# MATERIAL PROVIDED
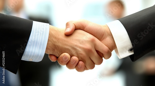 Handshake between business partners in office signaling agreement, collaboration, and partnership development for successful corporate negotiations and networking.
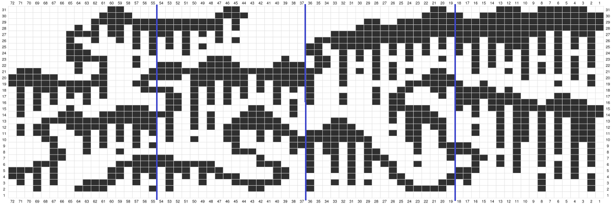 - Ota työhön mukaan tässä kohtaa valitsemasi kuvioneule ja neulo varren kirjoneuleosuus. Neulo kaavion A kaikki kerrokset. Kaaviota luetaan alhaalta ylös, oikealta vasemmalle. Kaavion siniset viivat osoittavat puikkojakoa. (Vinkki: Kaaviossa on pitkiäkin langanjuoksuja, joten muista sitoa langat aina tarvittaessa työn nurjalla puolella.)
---
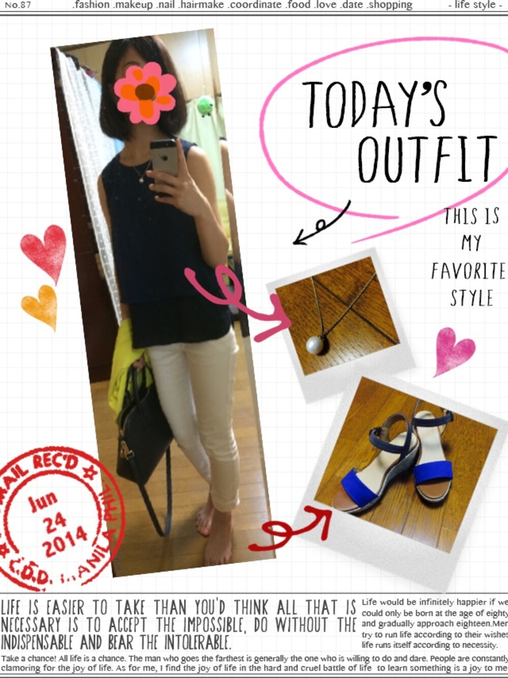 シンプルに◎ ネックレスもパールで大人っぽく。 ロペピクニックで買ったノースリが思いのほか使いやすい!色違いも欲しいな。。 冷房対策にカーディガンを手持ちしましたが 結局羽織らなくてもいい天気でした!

# TASK
Print nothing but the lines above starting with the line that contains "Handshake between business" and going on through the line that contains "- Ota työhön". Leave out the pictures.

# RESULT OF THE EXERCISE
 Handshake between business partners in office signaling agreement, collaboration, and partnership development for successful corporate negotiations and networking.
 - Ota työhön mukaan tässä kohtaa valitsemasi kuvioneule ja neulo varren kirjoneuleosuus. Neulo kaavion A kaikki kerrokset. Kaaviota luetaan alhaalta ylös, oikealta vasemmalle. Kaavion siniset viivat osoittavat puikkojakoa. (Vinkki: Kaaviossa on pitkiäkin langanjuoksuja, joten muista sitoa langat aina tarvittaessa työn nurjalla puolella.)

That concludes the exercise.